[Extracted data entries]
▼

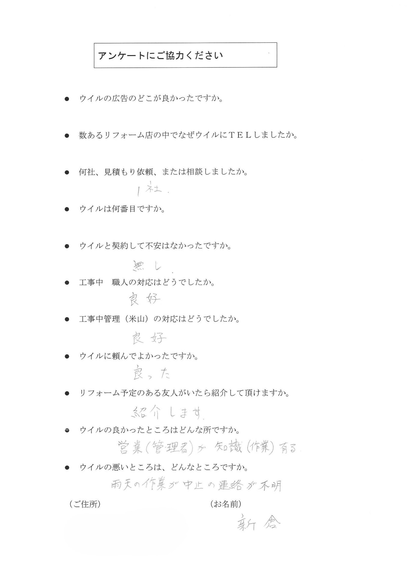 Q. 数あるリフォーム店の中でなぜウイルにしましたか。
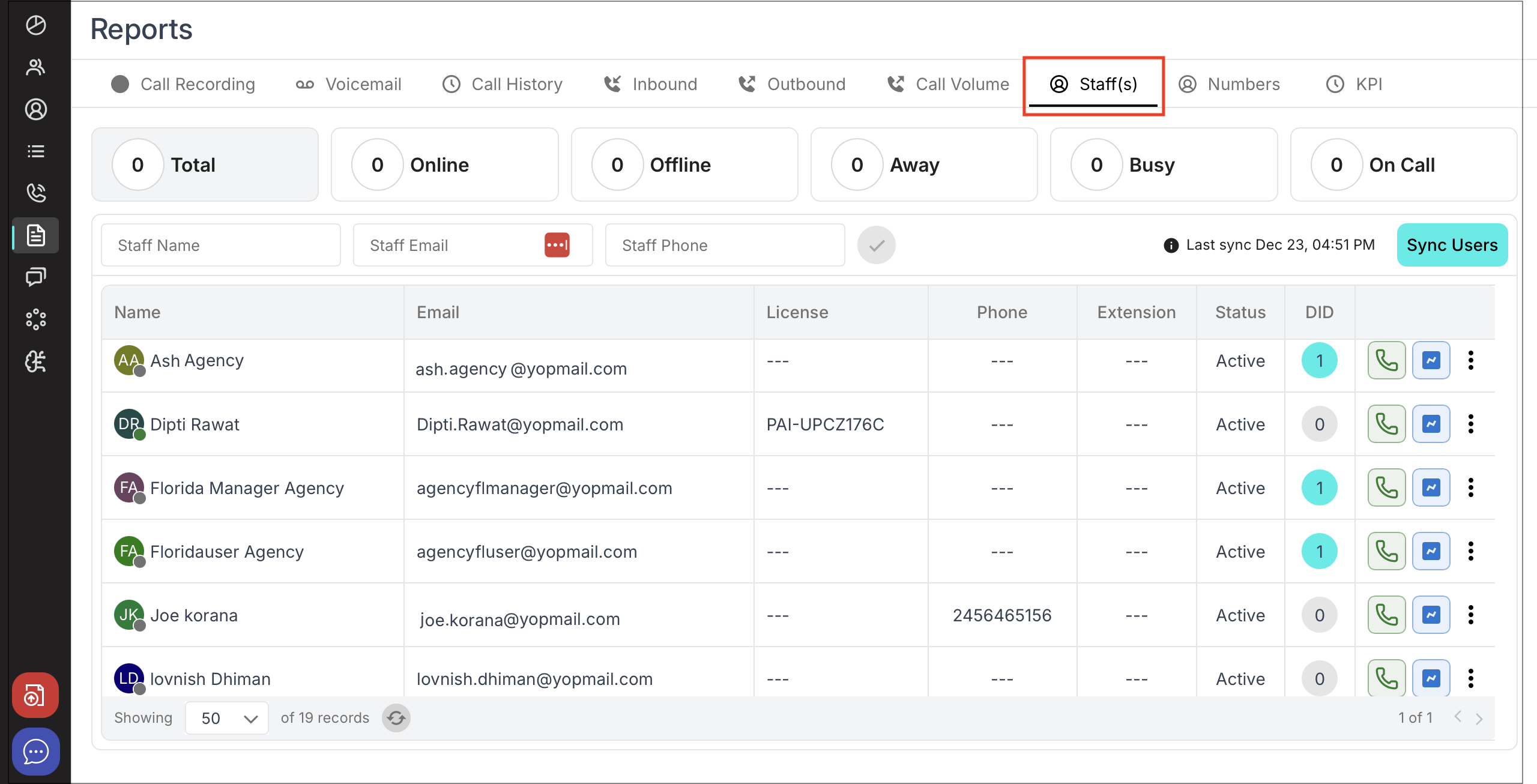 Columns: Name, Email, Phone, Extension, Status, DID.
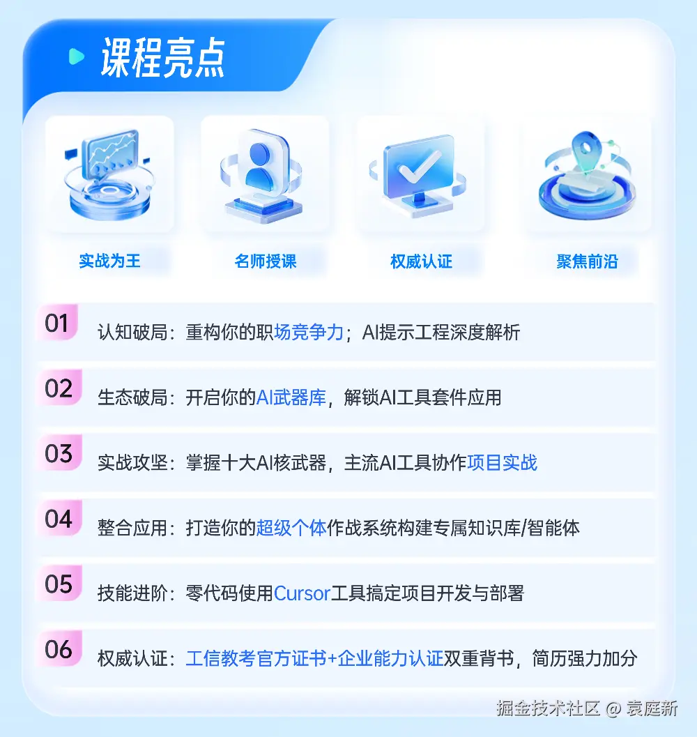 就拿上面这套《人工智能应用全链路职业技能培训课程》来说,有什么课程亮点呢?咱这可是人工智能全职业场景应用实战课程,与行业深度结合,学了就能用,用了就立马见效,就这么神奇!
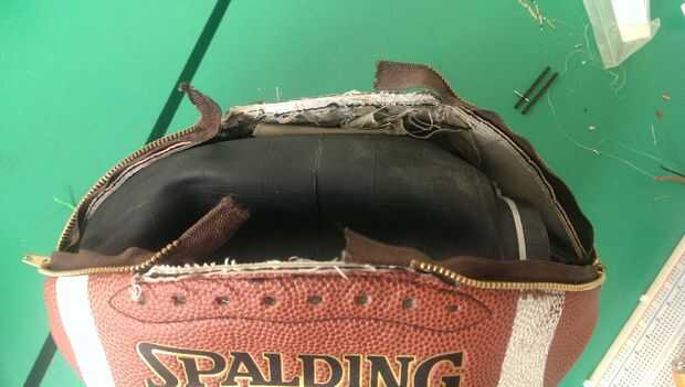 Quitar los hilos y corte la bola. Coser las dos cremalleras en los dos extremos opuestos de la bola.
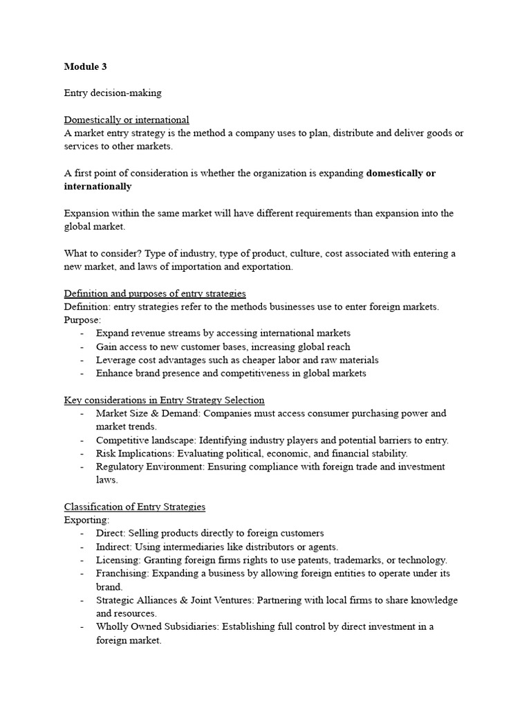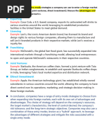 - Franchising: Expanding a business by allowing foreign entities to operate under its
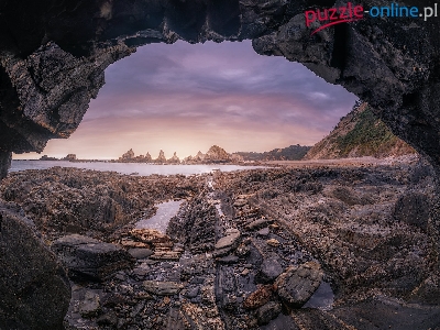 Puzzle Plaża Gueirua, Jaskinia, Skały, Hiszpania
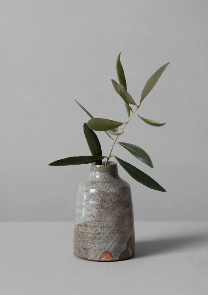 Bottle vase handcrafted by Bert Jones, a potter based just outside Newport, Wales. He works from a converted shipping container studio in the countryside. Hand-thrown from stoneware clay to a straight, tapered shape and finished with white slip brushstroke marks under a celadon glaze. The finger marks are visible at the base, indicating where it has been held while dipping in the glaze. Each varies slightly in shape and colour. Details Hand wash. Stoneware.Made in the United Kingdom.Each ceramic piece has been thrown or pressed and glazed by hand. Due to the handmade nature, there may be pleasing variations and irregularities in colour, size and shape.Approx. H 14cm x D 7cm.
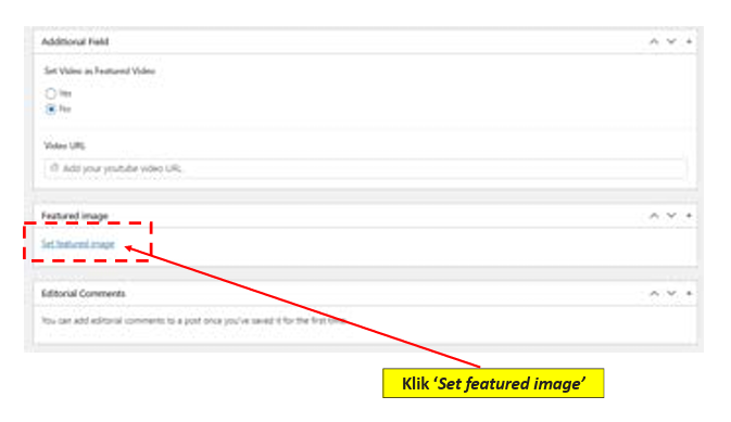 (c) Video dari laman YouTube perlu dimasukkan pada ruangan ‘Additional Field’ dengan memilih butang ‘Yes’ bagi ‘Set Video as Featured Image’ seperti dalam Rajah 12.
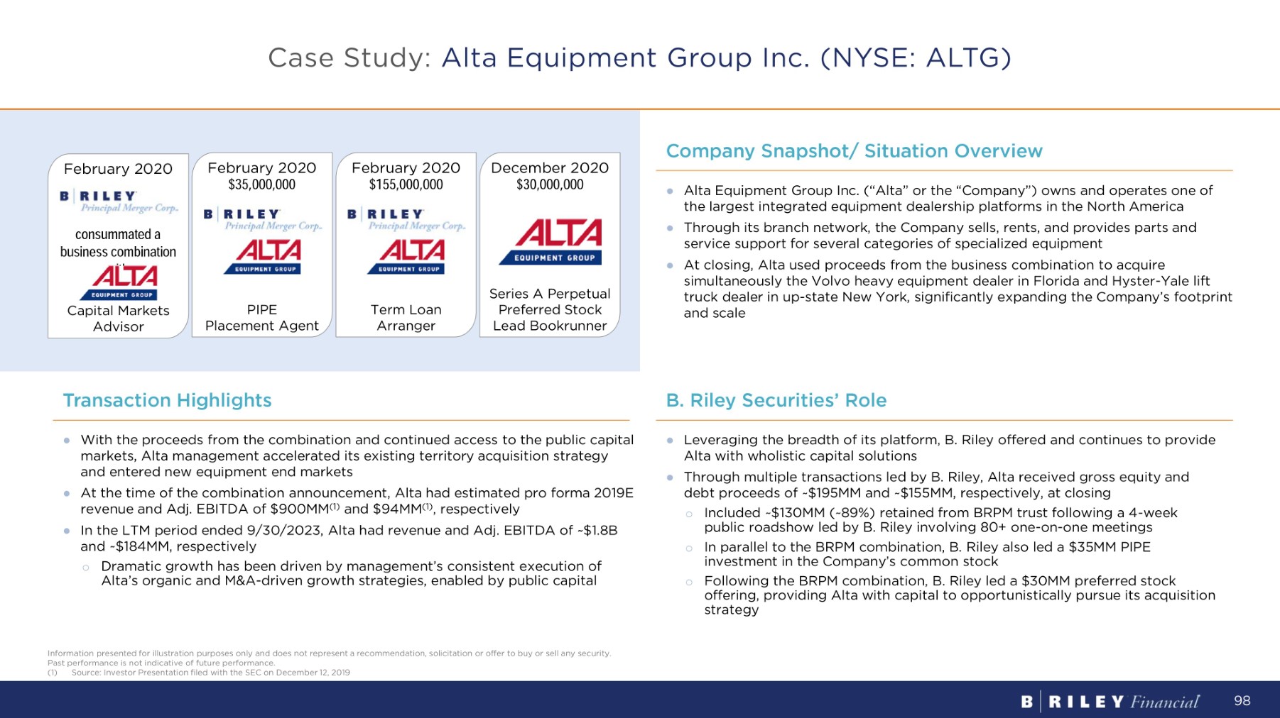 ● Alta Equipment Group Inc. (“Alta” or the “Company”) owns and operates one of the largest integrated equipment dealership platforms in the North America ● Through its branch network, the Company sells, rents, and provides parts and service support for several categories of specialized equipment ● At closing, Alta used proceeds from the business combination to acquire simultaneously the Volvo heavy equipment dealer in Florida and Hyster - Yale lift truck dealer in up - state New York, significantly expanding the Company’s footprint and scale Company Snapshot/ Situation Overview Transaction Highlights ● With the proceeds from the combination and continued access to the public capital markets, Alta management accelerated its existing territory acquisition strategy and entered new equipment end markets ● At the time of the combination announcement, Alta had estimated pro forma 2019E revenue and Adj. EBITDA of $900MM (1) and $94MM (1) , respectively ● In the LTM period ended 9/30/2023, Alta had revenue and Adj. EBITDA of ~$1.8B and ~$184MM, respectively o Dramatic growth has been driven by management’s consistent execution of Alta’s organic and M&A - driven growth strategies, enabled by public capital ● Leveraging the breadth of its platform, B. Riley offered and continues to provide Alta with wholistic capital solutions ● Through multiple transactions led by B. Riley, Alta received gross equity and debt proceeds of ~$195MM and ~$155MM, respectively, at closing o Included ~$130MM (~89%) retained from BRPM trust following a 4 - week public roadshow led by B. Riley involving 80+ one - on - one meetings o In parallel to the BRPM combination, B. Riley also led a $35MM PIPE investment in the Company’s common stock o Following the BRPM combination, B. Riley led a $30MM preferred stock offering, providing Alta with capital to opportunistically pursue its acquisition strategy B . R il e y S e c u r i t i e s ’ R o le February 2020 $155,000,000 Term Loan Arranger February 2020 Capital Markets Advisor February 2020 $35,000,000 PIPE Placement Agent December 2020 $30,000,000 Series A Perpetual Preferred Stock Lead Bookrunner consumma t ed a bus i ness comb i na ti on w i t h Information presented for illustration purposes only and does not represent a recommendation, solicitation or offer to buy or sell any security. Past performance is not indicative of future performance. (1) Source: Investor Presentation filed with the SEC on December 12, 2019 98 Case Study: Alta Equipment Group Inc. (NYSE: ALTG)
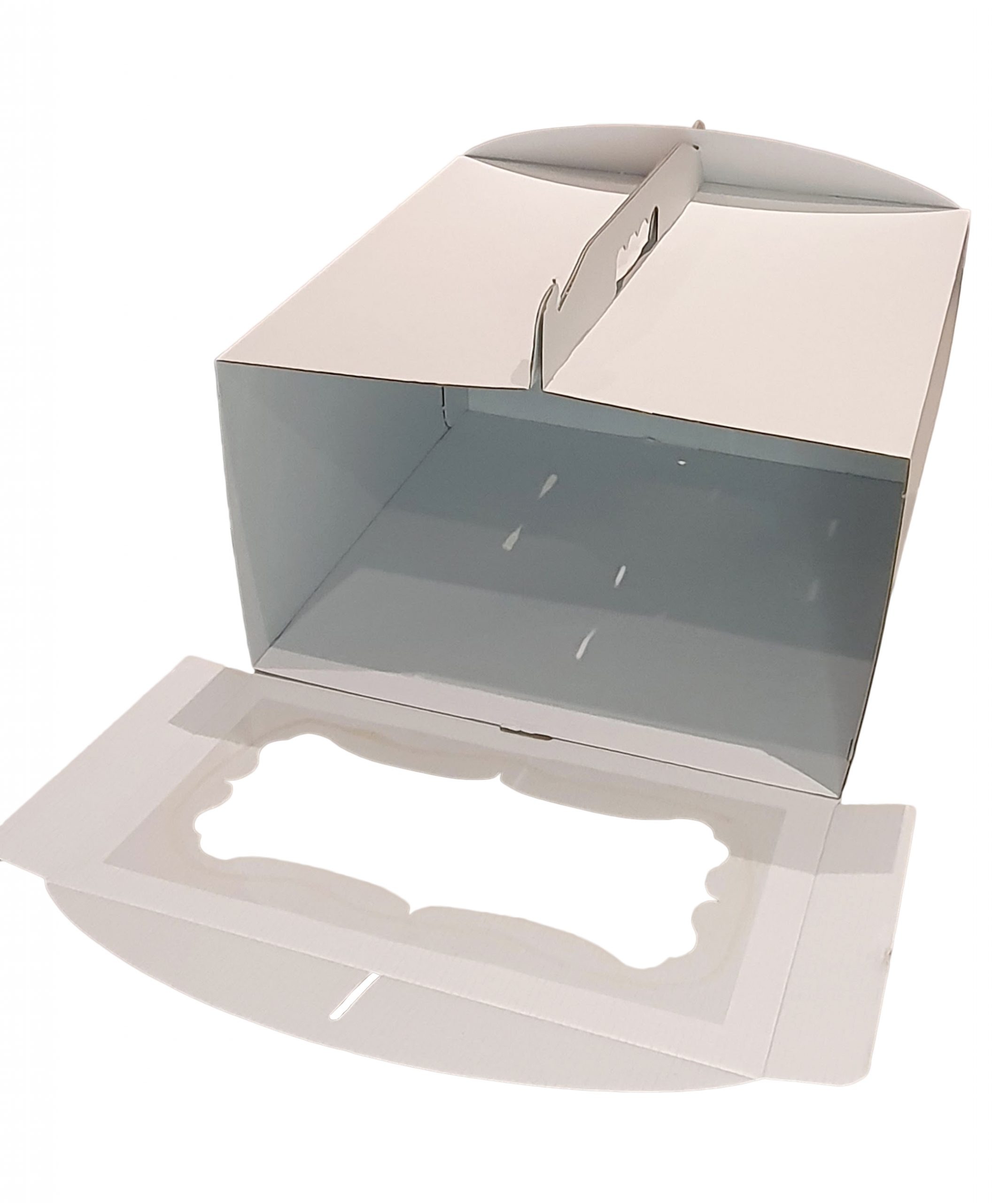 Caixa Cartão Pastelaria Branco c/Pega c/ Janela Vintage 34x34x20cm c/ Impressão
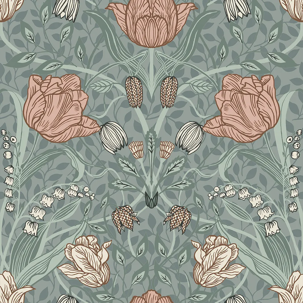 (33010) Grön, Rosa, Blommor & Blad;Stormönstrat Fler färger
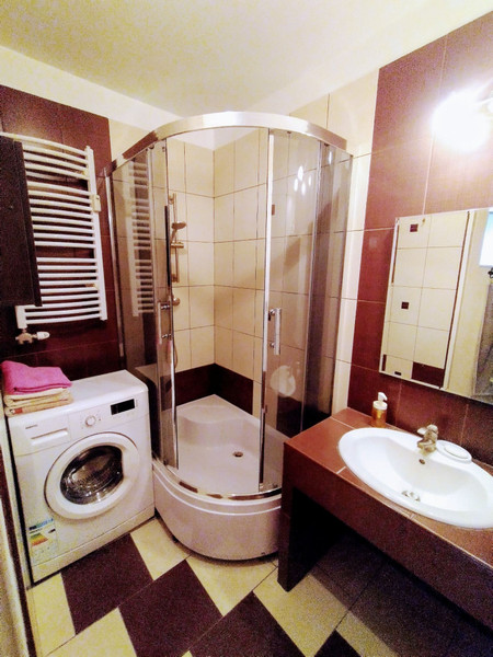 Mieszkanie wyposażone jest w lodówkę, pralkę, zmywarkę oraz skromne umeblowanie.
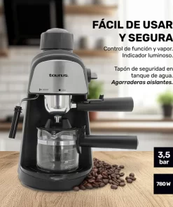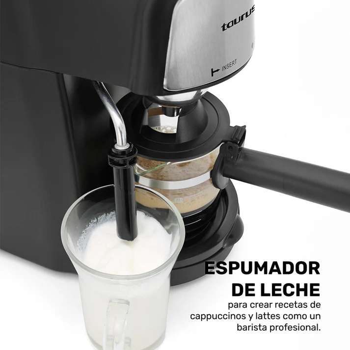 Descubre la cafetera VIENA de Taurus, perfecta para preparar tus cafés favoritos como cappuccinos y lattes con un toque profesional gracias a su espumador de leche. Con una potencia de 3,5 bares, garantiza un sabor intenso y una espuma cremosa en cada taza. Además, su diseño seguro incluye un tapón de seguridad y agarraderas aislantes, ideal para un uso sin preocupaciones. Fácil de manejar, cuenta con control de función, vapor y un indicador luminoso. Incluye una jarra de vidrio de 240 ml, ideal para medir y servir con precisión. ¡Convierte tu cocina en una cafetería con VIENA!
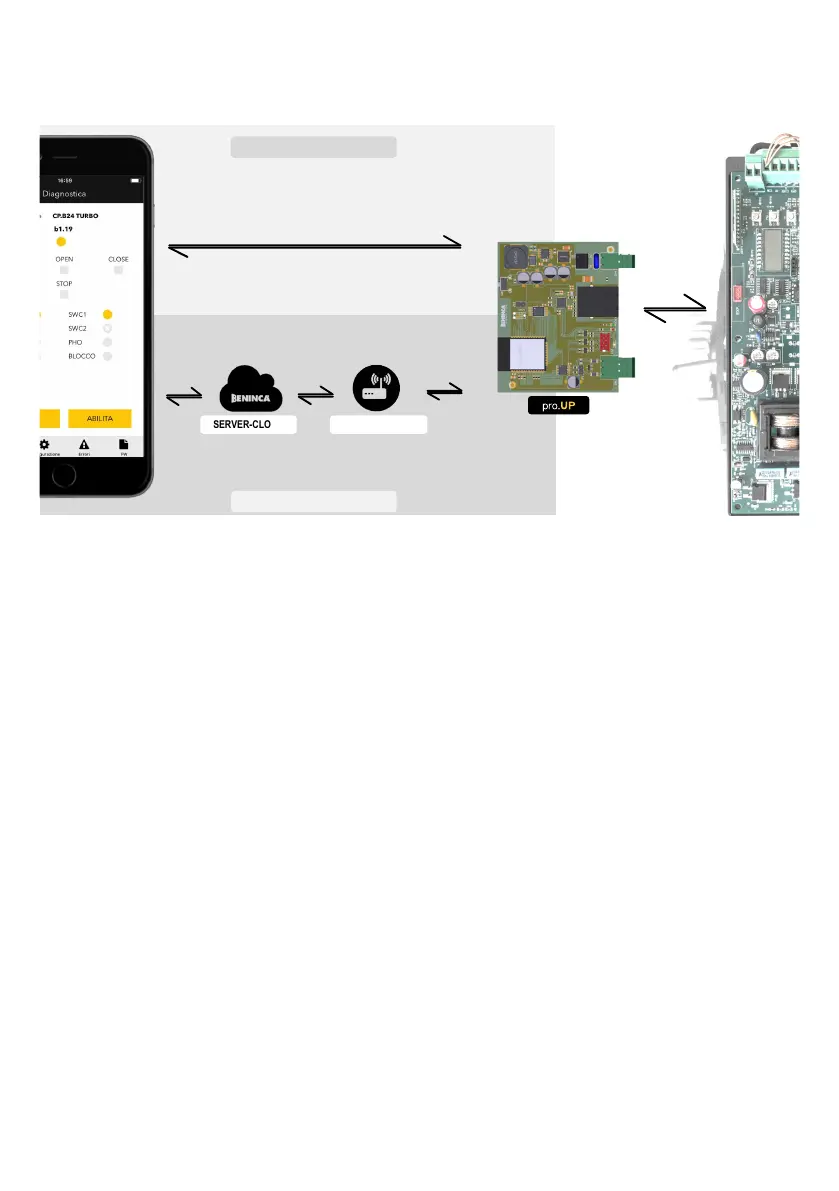 In this case, pro.UP connects using its WiFi module to a modem/router connected to the Benincà cloud server via an internet
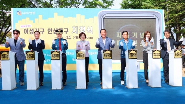 [금요저널] 안성시는 지난 29일 대덕면 내리 25호 공원에서 국내 최초로 여성가구 안심특구 지정식을 개최했다.
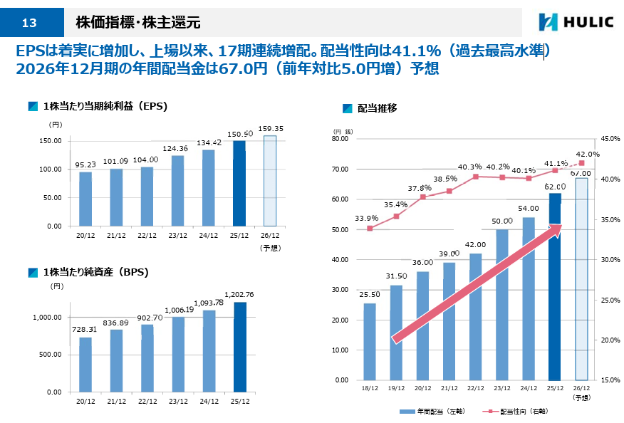 ヒューリックは不動産賃貸事業がメインなこともあり、株主への利益還元を狙いとして、安定した配当を継続することを基本方針としており、2025年12月時点では17期連続増配を達成しています。

▲

→ **Brief**
Repeat only the lines from the one with "In this case, pro.UP" through the end of the data, both included and exactly as written. Pictures stay out of the copy.

→ **Exercise result**
 In this case, pro.UP connects using its WiFi module to a modem/router connected to the Benincà cloud server via an internet
 [금요저널] 안성시는 지난 29일 대덕면 내리 25호 공원에서 국내 최초로 여성가구 안심특구 지정식을 개최했다.
 ヒューリックは不動産賃貸事業がメインなこともあり、株主への利益還元を狙いとして、安定した配当を継続することを基本方針としており、2025年12月時点では17期連続増配を達成しています。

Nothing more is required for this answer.